Fundamental Analysis on Balance of Trade : Trade has developed to become one of the most major forces shaping world economies, with the business of buying and selling products in foreign markets representing a notable percent of any large economy’s GDP. For example, in the United States, over than 12 million jobs are tied to the international sector and about 25% of all U.S. business activity is connected in some fashion to international commerce. Usually traders are curious about the “net export” figure. Exports represent a country’s ability of competition in world markets, its ability to create jobs and improve corporate profits. To satisfy national and foreign demand firms have to produce more and greater production translates into faster GDP growth. The bedside of rising imports is that subtracts from GDP growth since these products are made by foreign companies.
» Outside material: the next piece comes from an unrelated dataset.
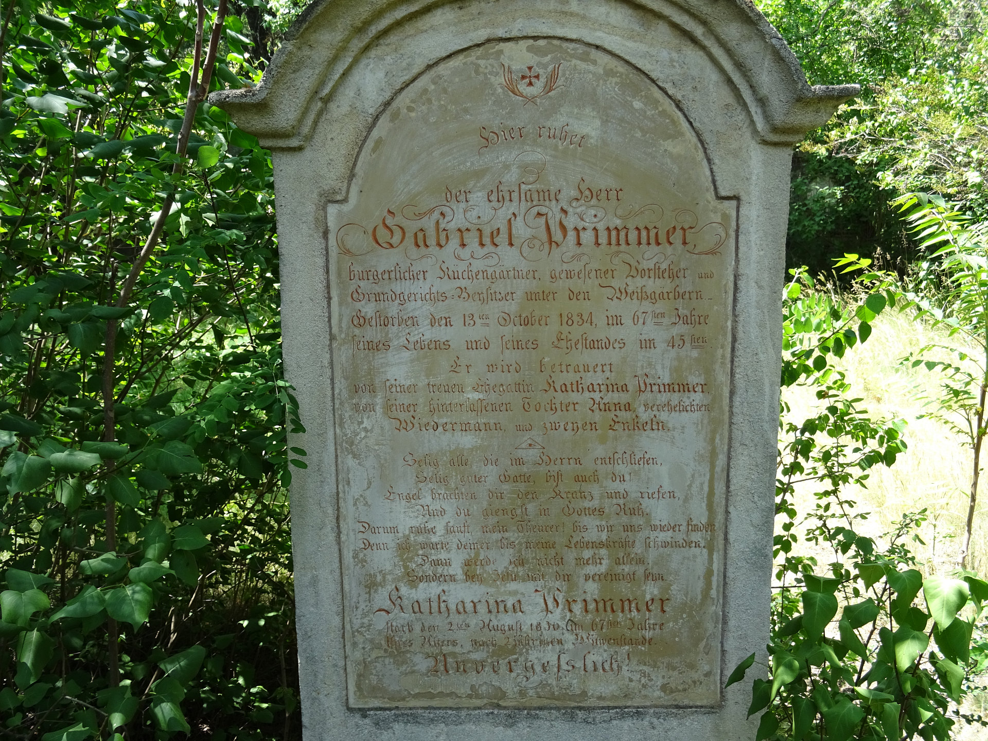 Gabriel Primmer, bürgerl. Küchengärtner und Hausinhaber, Vorsteher und Grundgerichts-Beysitzer unter den Weißgärbern, † 13.10.1834 im 67. LJ.

The three key forces that shape a country’s trade balance: 1) relative difference in growth rates between home country and others; 2) propensity for country’s consumers to shop for foreign goods; and 3) changing value of the home currency against other currencies. If the home country is expanding faster than most other countries, imports will increase by larger amount than exports, thus ensuring a deficit. However, some countries like the U.S. shows an even larger propensity to import foreign products than buyer in other countries, which causes an additional problem for the US, which has been locked into yearend trade deficits every year since 1976. Changes in currency values can change the price of imports and exports and thus change demand. A stronger currency exchange the trade balances because it lowers the price of imports, making them more attractive for consumers, and at the same time it raises the costs of goods sold in international markets, cheering foreign buyers to look elsewhere for less expensive products.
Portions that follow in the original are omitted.